*Aim of the task:*
In the material below, find the line with "小梁根据上图中的画线思路走势" and the line with "The comparison between", then output those two lines and every line between them, exactly.

Dataset entries START

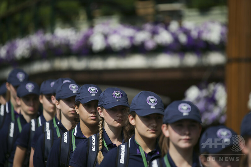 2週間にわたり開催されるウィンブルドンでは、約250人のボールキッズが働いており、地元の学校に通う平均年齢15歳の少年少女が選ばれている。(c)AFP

Dataset entries END
Dataset entries START

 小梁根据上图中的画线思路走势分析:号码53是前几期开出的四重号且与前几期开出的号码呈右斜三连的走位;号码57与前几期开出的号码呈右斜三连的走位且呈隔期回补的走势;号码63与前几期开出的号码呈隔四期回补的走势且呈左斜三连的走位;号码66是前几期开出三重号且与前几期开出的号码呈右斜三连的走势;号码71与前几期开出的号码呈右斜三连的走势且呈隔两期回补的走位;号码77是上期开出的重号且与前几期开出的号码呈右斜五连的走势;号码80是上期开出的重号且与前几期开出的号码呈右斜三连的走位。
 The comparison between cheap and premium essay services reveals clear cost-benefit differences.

Dataset entries END

*Written answer:*
 小梁根据上图中的画线思路走势分析:号码53是前几期开出的四重号且与前几期开出的号码呈右斜三连的走位;号码57与前几期开出的号码呈右斜三连的走位且呈隔期回补的走势;号码63与前几期开出的号码呈隔四期回补的走势且呈左斜三连的走位;号码66是前几期开出三重号且与前几期开出的号码呈右斜三连的走势;号码71与前几期开出的号码呈右斜三连的走势且呈隔两期回补的走位;号码77是上期开出的重号且与前几期开出的号码呈右斜五连的走势;号码80是上期开出的重号且与前几期开出的号码呈右斜三连的走位。
 The comparison between cheap and premium essay services reveals clear cost-benefit differences.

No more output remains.